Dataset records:
****
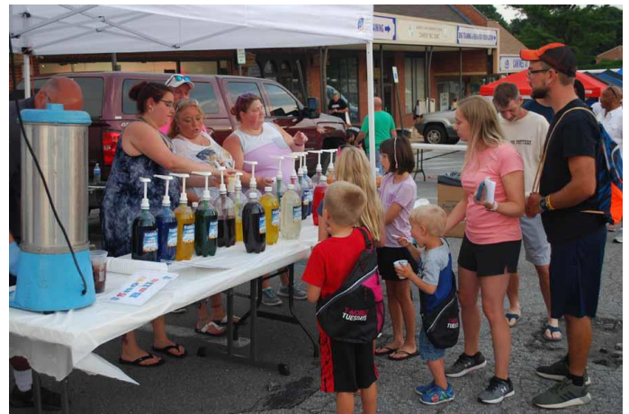
NNO 2019 – We will get there again.

Enthusiasm for National Night Out is beginning to build as plans for this summer's activity are discussed. Residents, businesses and community groups look forward to participating in an outdoor socially responsible event that is fun, and informative.
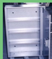
DS3 Key $1075.00

PRICES FROM $550.00 inc GST FREE FREIGHT AUSTRALIA WIDE
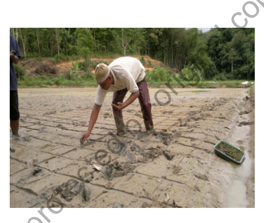
Figure 1.5: Farmer manually transplant the seedling at the intersection line.
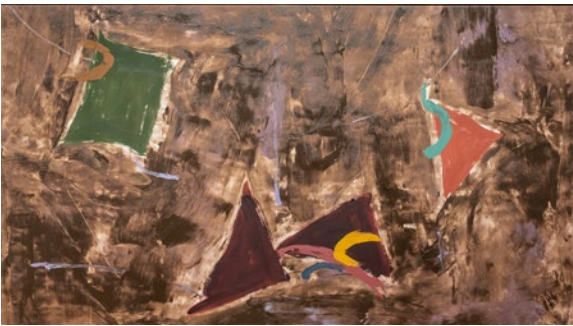
Regatta Night, 1981

These works are also widely collected, including an early Color Field work at the Museum of Modern Art.
****
REQUIREMENT | A faithful, word-for-word copy of the data is needed; the pictures should not appear in it.

EXERCISE RESPONSE |
NNO 2019 – We will get there again.

Enthusiasm for National Night Out is beginning to build as plans for this summer's activity are discussed. Residents, businesses and community groups look forward to participating in an outdoor socially responsible event that is fun, and informative.
DS3 Key $1075.00

PRICES FROM $550.00 inc GST FREE FREIGHT AUSTRALIA WIDE
Figure 1.5: Farmer manually transplant the seedling at the intersection line.
Regatta Night, 1981

These works are also widely collected, including an early Color Field work at the Museum of Modern Art.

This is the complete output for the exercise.